Hello,
I was working on my research of image classification.
Here’s the code (part in a jupyter cell):
# Training loop
num_total_steps = len(Train_loader.dataset)
step = 0
losses = []
accuracies = []
steps = []
for epoch in range(num_epochs):
train_loss = 0.0
train_acc = 0.0
for i , (images, labels) in enumerate(Train_loader):
images = images.to(device)
# print(len(images))
labels = labels.to(device)
# print(labels)
#forward
outputs = model(images)
# print(outputs)
loss = criterion(outputs, labels)
losses.append(loss.item())
# backwards and optimizer
optimizer.zero_grad()
loss.backward()
optimizer.step()
# Calculating running training accuracies
_, predictions = outputs.max(1)
print((predictions))
num_correct = (predictions == labels).sum()
running_train_acc = float(num_correct)/float(images.shape[0])
accuracies.append(running_train_acc)
train_acc += running_train_acc
train_loss += loss.item()
avg_train_acc = train_acc / len(Train_loader)
avg_train_loss = train_loss / len(Train_loader)
writer.add_scalar('Training Loss', loss, global_step= step)
writer.add_scalar('Training Accuracy', running_train_acc, global_step=step)
step += 1
steps.append(step)
if (i+1) % 10 == 0:
print ('Epoch [{}/{}], Step [{}/{}], Loss: {:.4f}'
.format(epoch+1, num_epochs, i*len(images), num_total_steps, loss.item()))
torch.cuda.empty_cache()
print('Training Ended')
And here’s the error I get:
---------------------------------------------------------------------------
RuntimeError Traceback (most recent call last)
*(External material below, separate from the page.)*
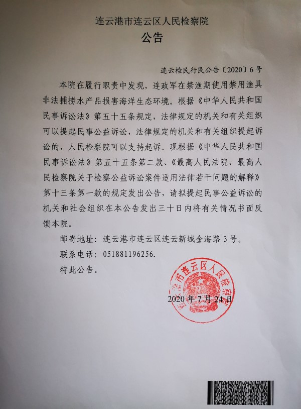 本院在履行职责中发现,连政军在禁渔期使用禁用渔具非法捕捞水产品损害海洋生态环境。根据《中华人民共和国民事诉讼法》第五十五条规定,法律规定的机关和有关组织可以提起民事公益诉讼,法律规定的机关和有关组织提起诉讼的,人民检察院可以支持起诉。现根据《中华人民共和国民事诉讼法》第五十五条第二款、《最高人民法院、最高人民检察院关于检察公益诉讼案件适用法律若干问题的解释》第十三条第一款的规定发出公告,请拟提起民事公益诉讼的机关和社会组织在本公告发出三十日内将有关情况书面反馈本院。

/tmp/ipykernel_34/669514399.py in <module>
17 outputs = model(images)
18 # print(outputs)
---> 19 loss = criterion(outputs, labels)
20 losses.append(loss.item())
21
/opt/conda/lib/python3.7/site-packages/torch/nn/modules/module.py in _call_impl(self, *input, **kwargs)
1049 if not (self._backward_hooks or self._forward_hooks or self._forward_pre_hooks or _global_backward_hooks
1050 or _global_forward_hooks or _global_forward_pre_hooks):
-> 1051 return forward_call(*input, **kwargs)
1052 # Do not call functions when jit is used
1053 full_backward_hooks, non_full_backward_hooks = [], []
/opt/conda/lib/python3.7/site-packages/torch/nn/modules/loss.py in forward(self, input, target)
1119 def forward(self, input: Tensor, target: Tensor) -> Tensor:
1120 return F.cross_entropy(input, target, weight=self.weight,
-> 1121 ignore_index=self.ignore_index, reduction=self.reduction)
1122
1123
/opt/conda/lib/python3.7/site-packages/torch/nn/functional.py in cross_entropy(input, target, weight, size_average, ignore_index, reduce, reduction)
2822 if size_average is not None or reduce is not None:
2823 reduction = _Reduction.legacy_get_string(size_average, reduce)
-> 2824 return torch._C._nn.cross_entropy_loss(input, target, weight, _Reduction.get_enum(reduction), ignore_index)
2825
2826
RuntimeError: 1only batches of spatial targets supported (3D tensors) but got targets of size: : [12]
So then I tried to print the shape of outputs
and labels
.
The shape of outputs
: torch.Size([12, 2, 224, 224])
The shape of labels
: torch.Size([12])
The shape looks alright since the labels
variable is for the classification label.
tensor([1, 1, 1, 1, 1, 1, 0, 0, 0, 1, 1, 1], device='cuda:0')
Is anyone familiar with this problem? Thanks!